── EXERCISE DATA

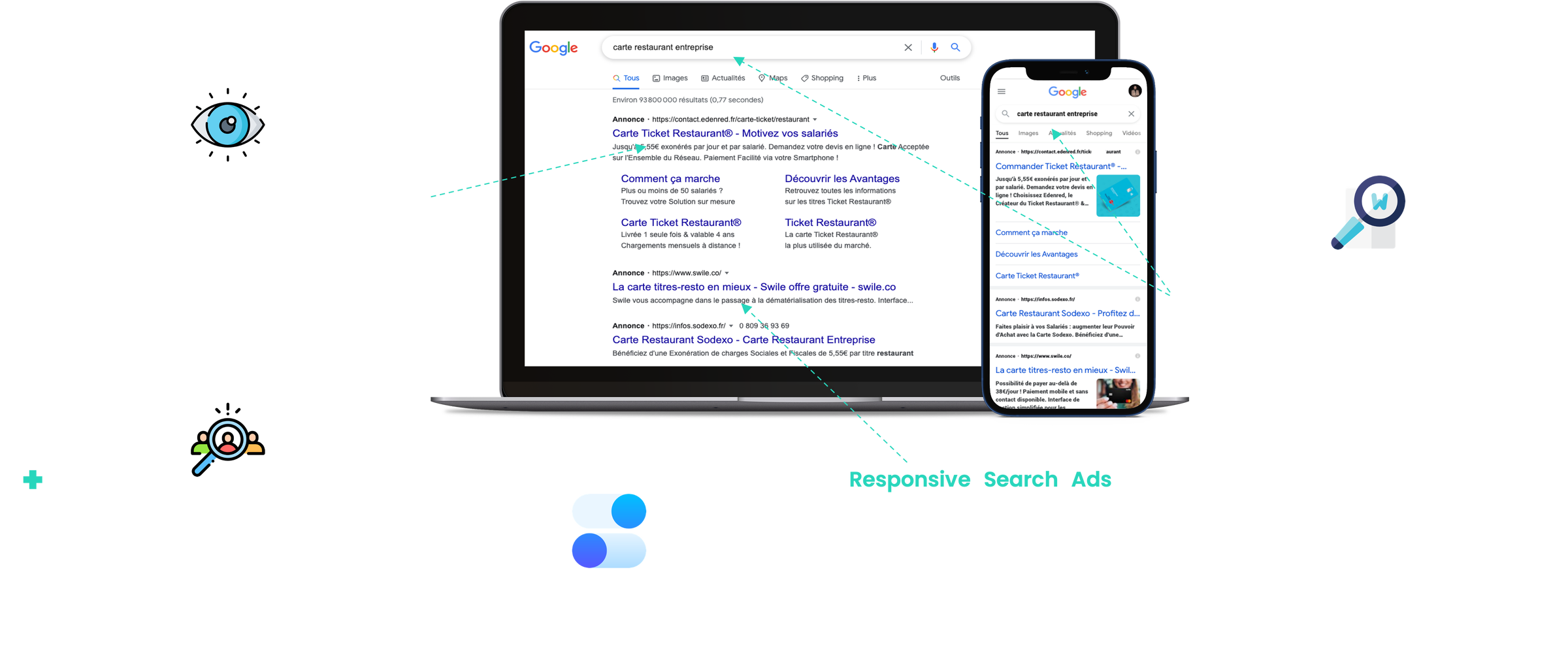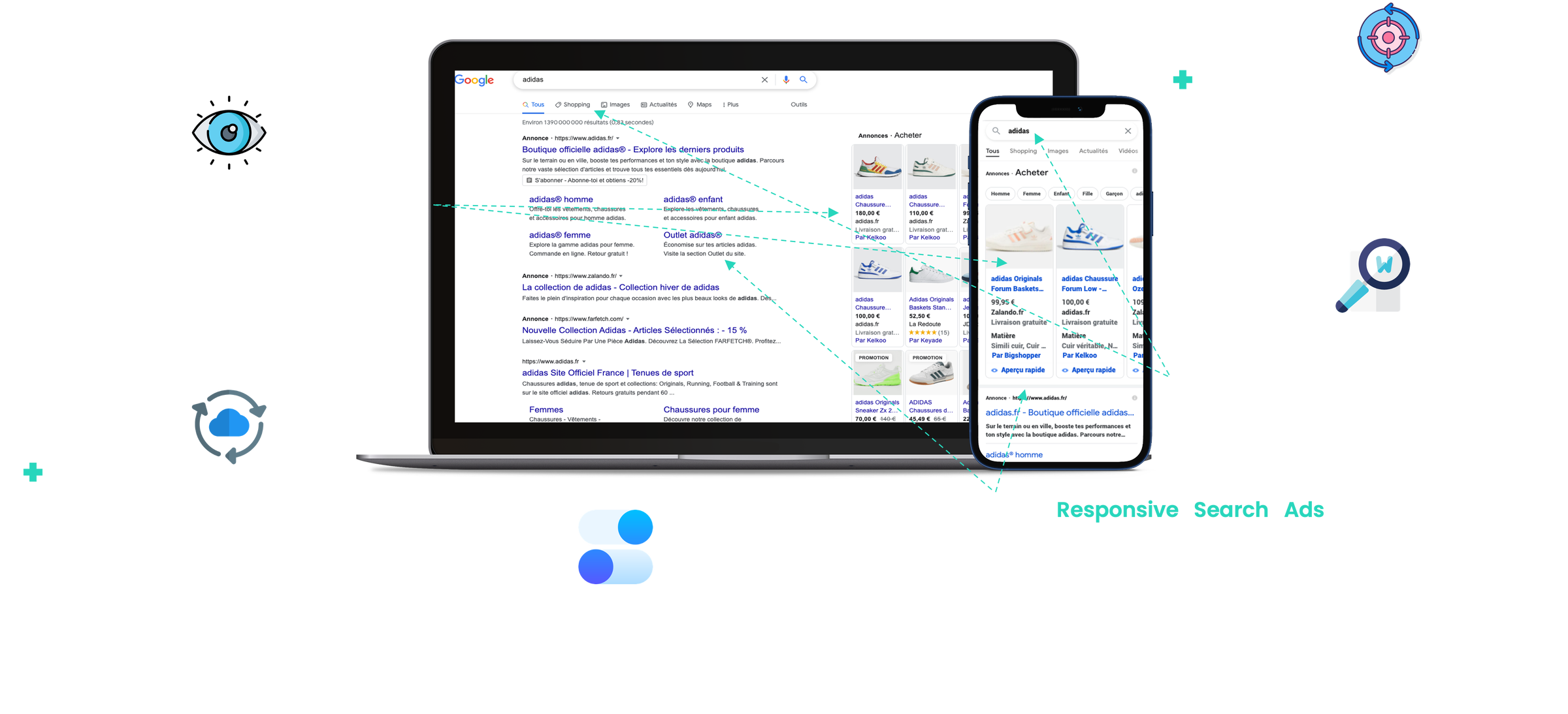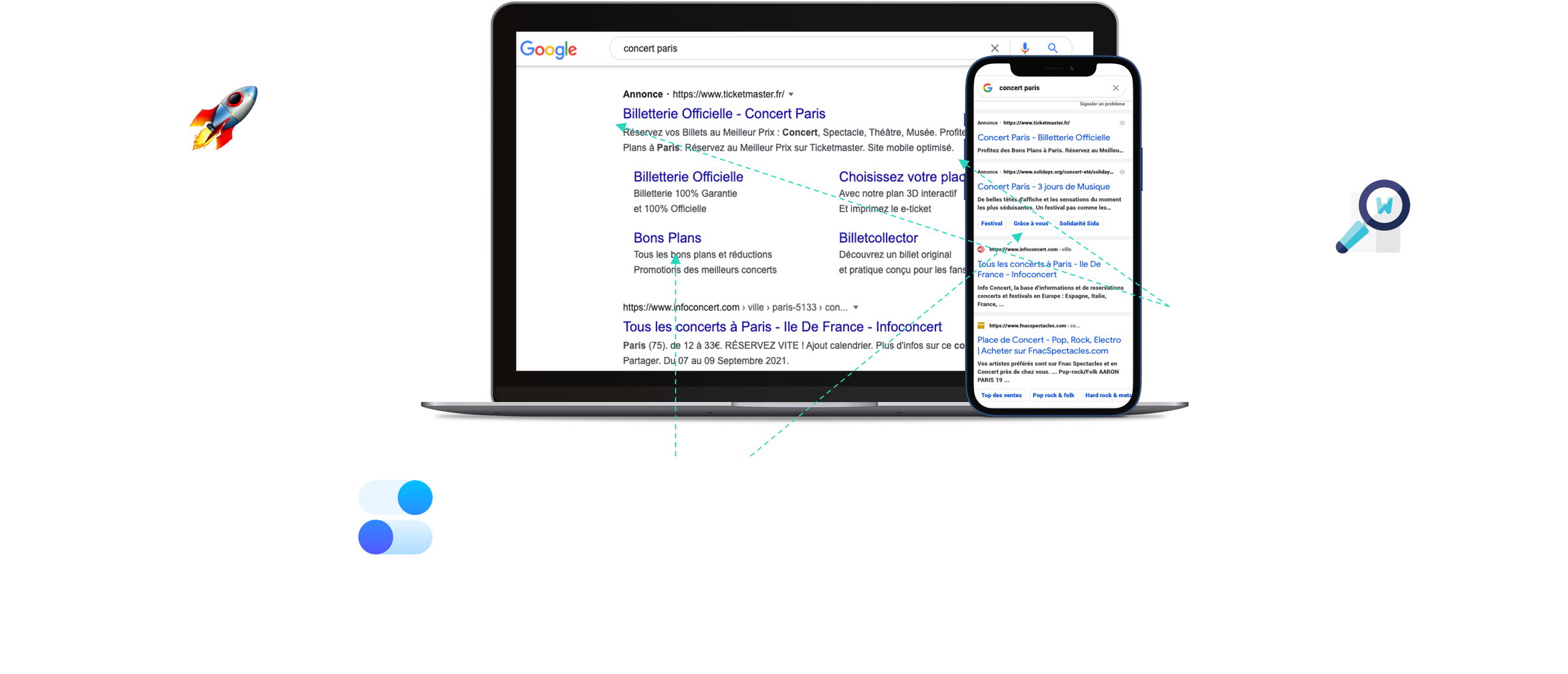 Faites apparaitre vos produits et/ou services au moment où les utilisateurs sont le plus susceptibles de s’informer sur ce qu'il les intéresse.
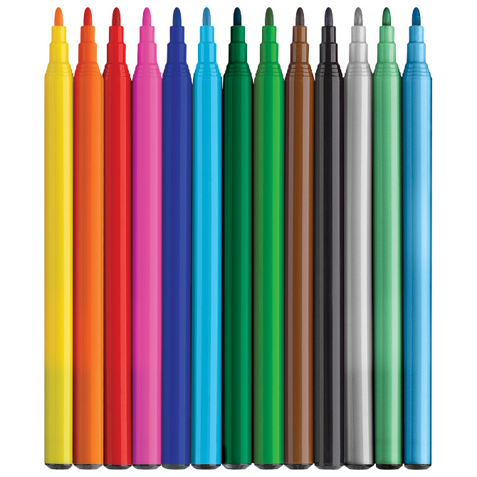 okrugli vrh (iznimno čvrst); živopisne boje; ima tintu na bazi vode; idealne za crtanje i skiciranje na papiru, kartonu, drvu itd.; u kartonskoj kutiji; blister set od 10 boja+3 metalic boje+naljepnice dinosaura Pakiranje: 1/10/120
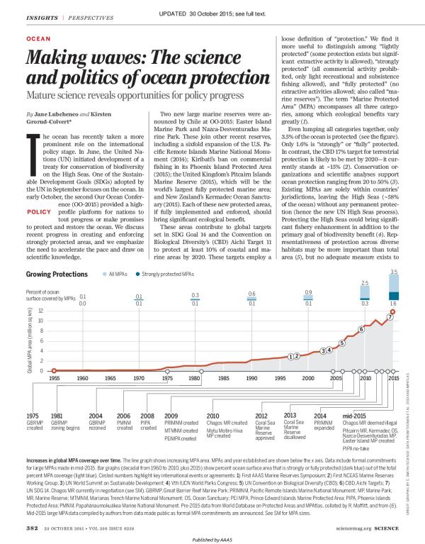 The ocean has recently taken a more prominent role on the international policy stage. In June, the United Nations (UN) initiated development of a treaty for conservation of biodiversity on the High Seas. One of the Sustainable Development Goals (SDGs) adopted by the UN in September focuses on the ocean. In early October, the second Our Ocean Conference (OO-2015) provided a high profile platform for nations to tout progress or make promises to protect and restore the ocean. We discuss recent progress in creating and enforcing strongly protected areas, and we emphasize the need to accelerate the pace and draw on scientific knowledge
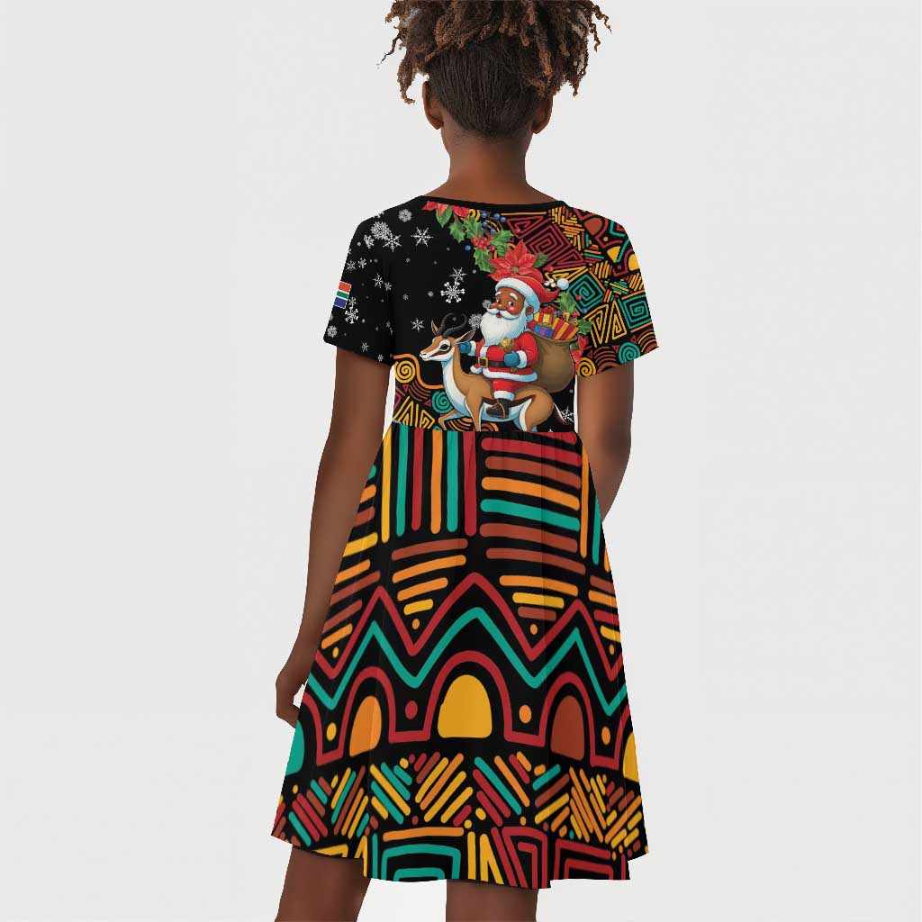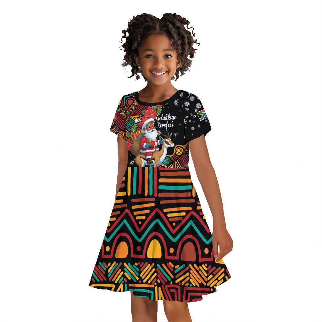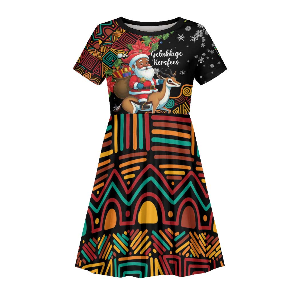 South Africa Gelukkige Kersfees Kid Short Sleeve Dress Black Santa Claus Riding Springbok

────

A faithful copy is needed: reproduce all of the data above, leaving the pictures out.

* **ANSWER SPACE**
 Faites apparaitre vos produits et/ou services au moment où les utilisateurs sont le plus susceptibles de s’informer sur ce qu'il les intéresse.
 okrugli vrh (iznimno čvrst); živopisne boje; ima tintu na bazi vode; idealne za crtanje i skiciranje na papiru, kartonu, drvu itd.; u kartonskoj kutiji; blister set od 10 boja+3 metalic boje+naljepnice dinosaura Pakiranje: 1/10/120
 The ocean has recently taken a more prominent role on the international policy stage. In June, the United Nations (UN) initiated development of a treaty for conservation of biodiversity on the High Seas. One of the Sustainable Development Goals (SDGs) adopted by the UN in September focuses on the ocean. In early October, the second Our Ocean Conference (OO-2015) provided a high profile platform for nations to tout progress or make promises to protect and restore the ocean. We discuss recent progress in creating and enforcing strongly protected areas, and we emphasize the need to accelerate the pace and draw on scientific knowledge
 South Africa Gelukkige Kersfees Kid Short Sleeve Dress Black Santa Claus Riding Springbok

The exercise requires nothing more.